The information required for USMLE STEP 1 is primarily acquired during the first two years of the PreClerkship phase of medical education. Joan C. Edwards School of Medicine (JCESOM) at the Marshall University utilizes the traditional 2 × 2 curricular model to instruct medical students. The MS1 curriculum is centered on pedagogy in anatomy, physiology, and biochemistry. The MS2 curriculum is centered on pedagogy in microbiology, pathology of disease and modes of therapy. Medical students’ understanding of this information is evaluated using institutional assessments created by the instructors specific to each discipline. Medical students’ performances on institutional assessments are included in prediction modeling, which should be an effective tool used to chart the academic progress of individual students, including USMLE STEP 1 performance. This is especially useful in identifying medical students struggling early in the PreClerkship curriculum in order to intervene in a timely fashion.

However, one challenge JCESOM has encountered is accurately predicting a medical student’s performance on USMLE STEP 1, despite utilizing prediction modeling(Gullo et al. 2015). For example, students who excel in the first two years of PreClerkship education and are predicted to pass USMLE STEP 1 fail or underperform, and vice versa. Consequently, medical students are unable to reflect on their respective strengths and weaknesses in order to better prepare for USMLE STEP 1, and the medical institution is unable to focus resources or early interventions on students at risk for failing USMLE STEP 1. To address the discrepancies between performance on institutional performance and USMLE STEP 1, we performed a study assessing the validity of institutional assessments in identifying future performances of the students on the USMLE STEP 1 examination.
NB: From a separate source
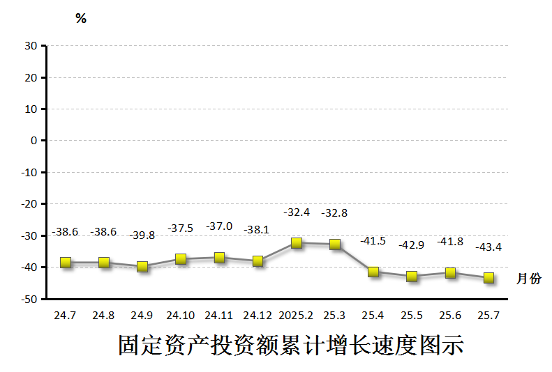 1-7月,全区完成固定资产投资下降43.4%。其中,国有投资下降22.7%,民间投资下降43.9%,港澳台商及外商投资下降57.2%;分产业看,第二产业投资下降39.5%,其中制造业投资下降42.4%;第三产业投资下降46.6%。

Our results show that matriculation data is not predictive of a students’ USMLE STEP1 performance. Using progressive, stepwise prediction modeling, we find that most MS1 course assessments show only weak correlation with USMLE STEP1 scores. This correlation improves for MS2 courses, but this is not uniformly true. In fact, the most reliable model is based on assessments of only one course i.e. three examinations. The model accuracy is also confirmed in prospective data analysis of students’ taking STEP1 in the next academic year.
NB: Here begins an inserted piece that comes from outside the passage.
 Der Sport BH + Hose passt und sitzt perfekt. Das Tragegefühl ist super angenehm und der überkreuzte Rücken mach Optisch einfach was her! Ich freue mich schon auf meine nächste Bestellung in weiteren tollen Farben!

All student data in the study is deidentified prior to use. USMLE STEP1 predictions for the Class of 2021 are based on data from the Class of 2020 (n = 76). STEP1 predictions for the Class of 2022 are based on data from the class of 2021 (n = 72). We use this “yearly” prediction modeling due to incremental changes in the MD curriculum each year. Especially, in the type and placement of assessments in the PreClerkship Curriculum. Additionally, pre-matriculation data shifted in 2015 with introduction of the new three-digit MCAT score. Class of 2020 is the first cohort with three-digit MCAT for matriculating students. Pre-admission data is extracted from the American

Medical College Application Service (AMCAS) database for students in the Class of 2020 who had subsequently taken United States Medical Licensing Examination (USMLE) Step 1 (n = 76). Only objective, academic data points are considered for generating prediction models.
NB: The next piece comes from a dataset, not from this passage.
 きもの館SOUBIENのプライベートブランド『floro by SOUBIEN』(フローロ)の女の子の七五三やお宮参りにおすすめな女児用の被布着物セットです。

This same cohort is followed through all MS1 and MS2 courses and their course-exams results are tabulated along with their USMLE STEP1 scores. For generating STEP1 score-predictions for the Class of 2021, aforementioned data for the Class of 2020 (training set) is subjected to linear regression modeling at each milestone with the USMLE STEP1 as the outcome. Models are computed in the programming language R. STEP1 prediction model at each milestone is follows (E = exam; all exams are institutionally developed unless noted otherwise) —

1. Pre-matriculation: Predicted STEP1 score (PSS) = 51.3064+(0.5342*First MCAT) +(1.2277*BCPM GPA)

2. End of course 1, MS1 (Elements of Medicine): PSS = 95.90538+(0.68099*E1) +(0.38661*E2) +(0.08675*E3) +(0.35345*E4)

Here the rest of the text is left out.